Group 14 is on repayment charges. Amendment 54, in the name of the minister, is grouped with amendments 55 and 56.

Malcolm Chisholm:

It has always been the Executive's intention that the bill would include a mechanism similar to the charging order regime in the Housing (Scotland) Act 1987 that would enable local authorities to recover the costs of works that they have carried out. Amendments 54 to 56 will introduce an updated version of the charging order, called the repayment charge, which will retain the main features of the charging order.

A local authority is entitled by the bill to recover certain expenses it has incurred—there is no time to list them all. Amendment 54 will provide that a local authority may recover such amounts by placing a repayment charge on the living accommodation concerned, or on the site when a house has been demolished. The repayable amount will be due in 30 equal annual instalments, but early redemption is possible and is likely to take place when the house is sold.

Amendment 55 will provide reassurance to local authorities that the money that they spend when owners fail to carry out work that is required is secure and recoverable from any owner of the property, once the repayment charge has been registered. The repayment charge will be a continuing burden that will not be extinguished by sale of the property.

Amendment 56 will give ministers powers to make by order further provisions about repayments under a repayment charge, and about early redemption.

I move amendment 54.

Amendment 54 agreed to.

Amendments 55 and 56 moved—[Malcolm Chisholm]—and agreed to.

Section 155—Matters relevant to deciding whether person is fit and proper to act as a landlord

The Deputy Presiding Officer:

I have decided to invoke rule 9.8.4A to provide that the debate on group 15 should finish 10 minutes later than was provided for in the timetabling motion.

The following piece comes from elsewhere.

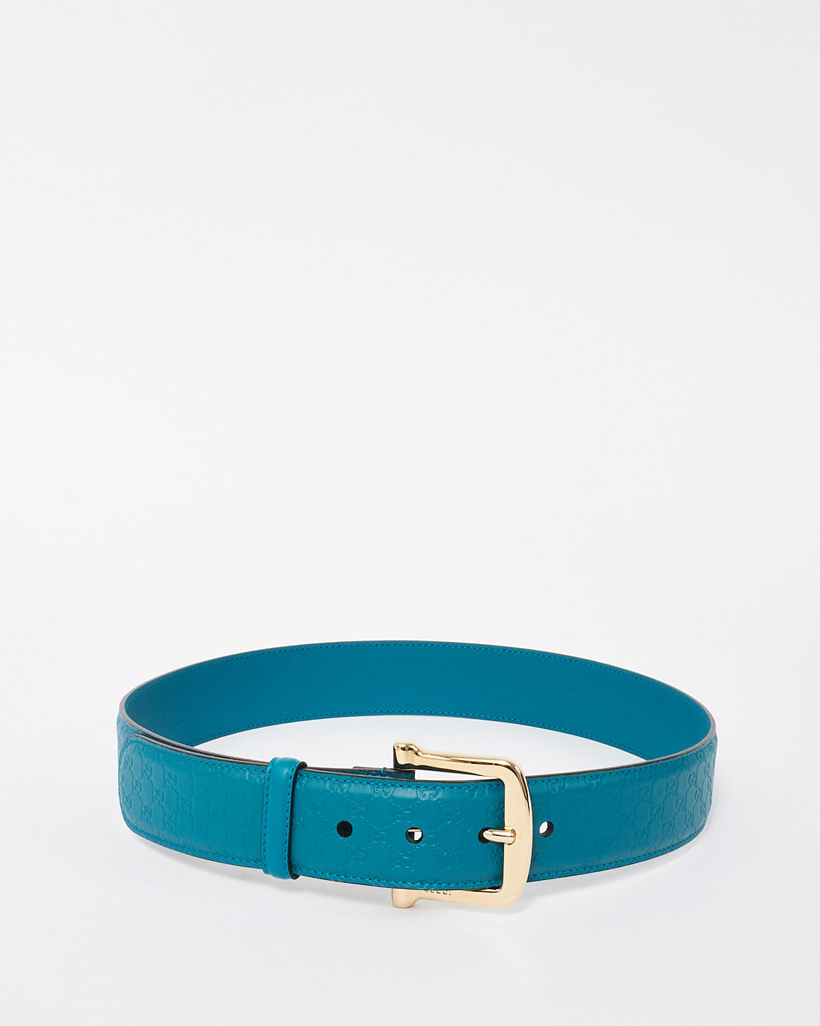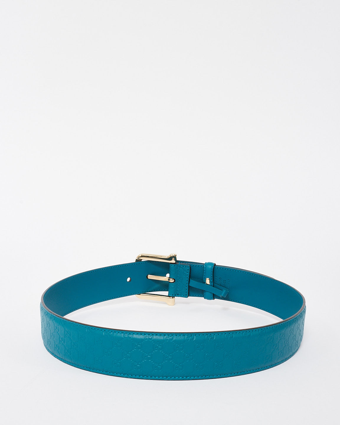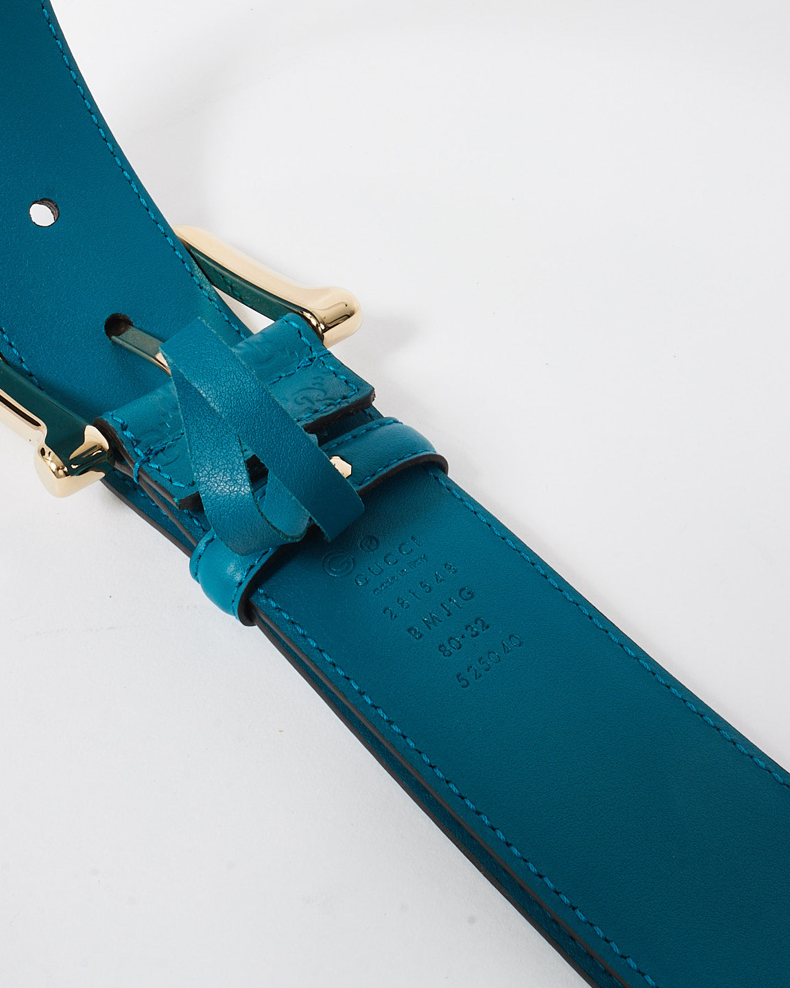 Blue Calfskin Leather Microguccissima Margaux Belt - 80/32

Group 15 is on the letting code. Amendment 57, in the name of Cathie Craigie, is the only amendment in the group.

Cathie Craigie:

Amendment 57 will, for the purposes of the fit-and-proper-person test, at the point when the letting code is being introduced, assess whether local authorities are taking into account bad management practices and unlawful evictions and harassment. That will not only inform the letting code and any accompanying guidance, but will enable discussion about whether further measures are needed to tackle bad management practices in the private rented sector. The issues were discussed during stages 1 and 2. Amendment 57 should be agreed to.

I move amendment 57.

Malcolm Chisholm:

Amendment 57 deals with concerns about levels of unlawful eviction and harassment, which were raised in an amendment at stage 2. That earlier amendment called for local authorities to appoint specialist officers to pursue cases of illegal eviction and harassment under the existing provisions in the rent acts. However, we feel that the introduction of private landlord registration from 31 March next year will provide a new and effective route for local authorities to deal with landlords who treat their tenants in such ways.

Discussion on the issue has been hampered by a lack of clear evidence on the incidence of unlawful eviction and harassment. Section 92A of the Antisocial Behaviour etc (Scotland) Act 2004 requires ministers to assess the effectiveness of existing obligations and voluntary arrangements before they make a letting code, which would be a factor in the test whether a person is fit and proper for registration. Amendment 57 makes it explicit that that assessment will include the question of unlawful eviction and harassment. I am happy to support the amendment, because of the extra assurance that it will give.

Amendment 57 agreed to.

That ends consideration of amendments at this stage. I will give members 30 seconds to sort themselves out.